Zach Gibson/Getty Images
Libby Nelson
Libby Nelson was Vox’s editorial director, politics and policy, leading coverage of how government action and inaction shape American life. Libby has more than a decade of policy journalism experience, including at Inside Higher Ed and Politico. She joined Vox in 2014.

The 12,000-word Columbia Journalism School report on Rolling Stone’s journalistic failure is long, enraging reading. It describes Rolling Stone as having abandoned basic reporting principles because they believed Jackie, the alleged rape victim at the center of the article, was a credible source.

The article detailed a gang rape in a fraternity house at the University of Virginia, and the callous response from the university’s administration that followed. But after the article appeared in November, the Washington Post interviewed students close to Jackie and found significant holes in her account. The Charlottesville police department concluded there was no evidence the rape had happened as Jackie described it.

The report is long — 24 pages in print, and thousands of words longer than the original Rolling Stone story itself. But to understand how serious the problems are that it surfaces, you really just need to see these four paragraphs.

1) Reporter Sabrina Rubin Erdely didn’t do even cursory due diligence

The most consequential decision Rolling Stone made was to accept that Erdely had not contacted the three friends who spoke with Jackie on the night she said she was raped.
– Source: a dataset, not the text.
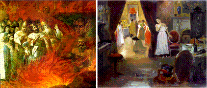 · Слева — «Л.Н. Толстой в преисподней» — фрагмент настенной росписи в храме села Тазово Курской губернии, датируемой 1883 г. Обратим внимание на тот факт, что роспись в храме сделана за 27 лет до смерти Л.Н. Толстого (1828 — 1910).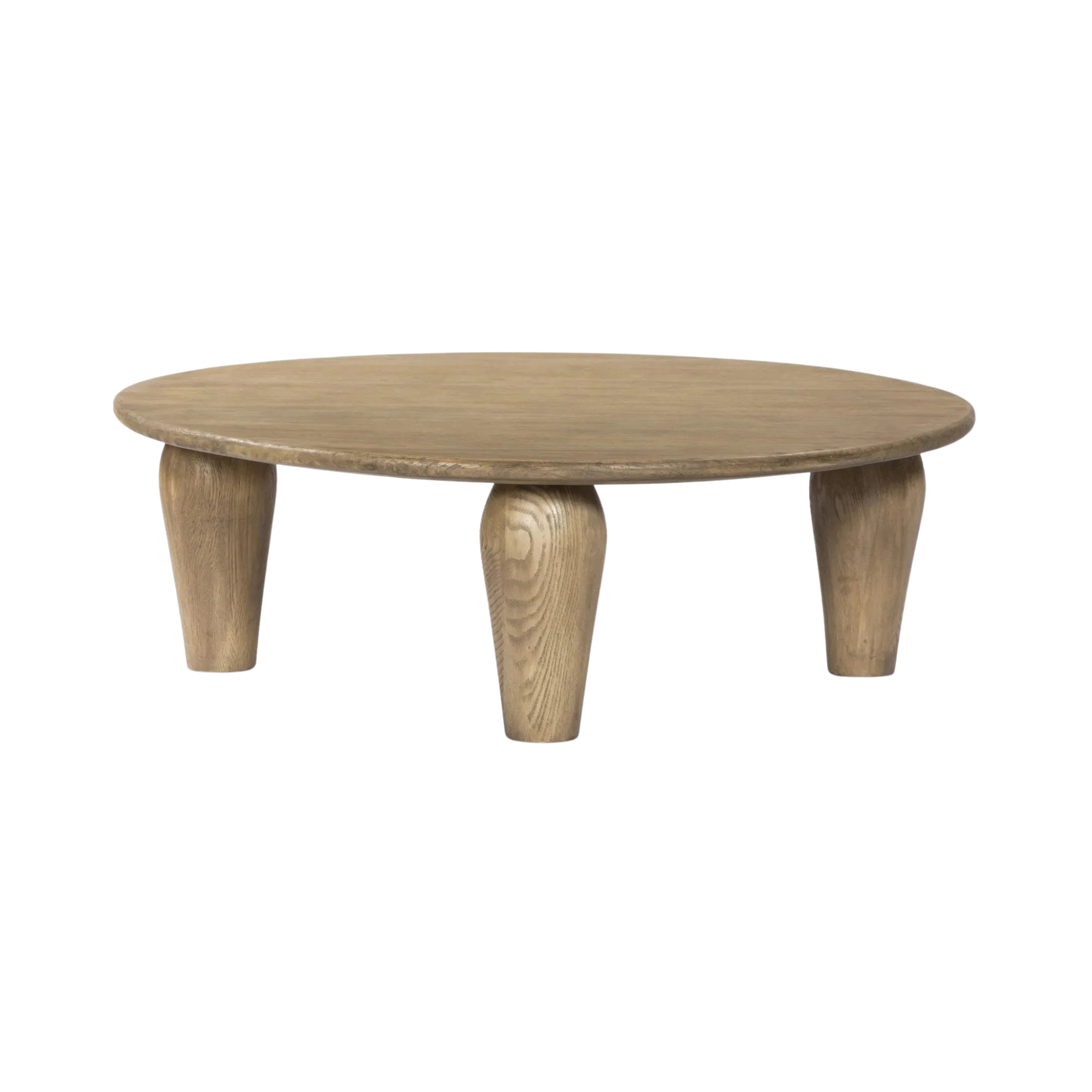 Featuring Maricopa Worn Oak Large Coffee Table by Four Hands at Amethyst Home. Play up proportions. Large, shapely legs support a rounded tabletop of worn oak, for a global, organic look and handcrafted feel. Overall Dimensions: 50.00"w x 50.00"d x 16.00"h. Amethyst Home provides interior design, new home construction design consulting, vintage area rugs, and lighting in the Tampa metro area.

That was the reporting path, if taken, that would have almost certainly led the magazine’s editors to change plans.

2) Requests for comment were not nearly detailed enough

Last October, as she was finishing her story, Erdely emailed Stephen Scipione, Phi Kappa Psi’s local chapter president. “I’ve become aware of allegations of gang rape that have been made against the UVA chapter of Phi Kappa Psi,” Erdely wrote. “Can you comment on those allegations?”

It was a decidedly truncated version of the facts that Erdely believed she had in hand. She did not reveal Jackie’s account of the date of the attack. She did not reveal that Jackie said Phi Kappa Psi had hosted a “date function” that night, that prospective pledges were present or that the man who allegedly orchestrated the attack was a Phi Kappa Psi member who was also a lifeguard at the university aquatic center.

3) Nearly everyone who touched the story failed

Erdely’s reporting records and interviews with participants make clear that the magazine did not pursue important reporting paths even when Jackie had made no request that they refrain. The editors made judgments about attribution, fact-checking and verification that greatly increased their risks of error but had little or nothing to do with protecting Jackie’s position.

4) Everyone was too trusting

This was a provocative, complex story heavily reliant on a single source. [Coco McPherson, the head of the fact-checking department] said later that she had faith in everyone involved and didn’t see the need to raise any issues with the editors.

Taken together, these four paragraphs show numerous holes and missteps in Rolling Stone’s reporting process. And, this is essentially the point of the Columbia report. It depicts a reporting and editing process gone terribly wrong, where faith in a single source became so overpowering that it overrode the normal journalistic imperative of checking a story from every possible angle and finding as much corroboration as possible.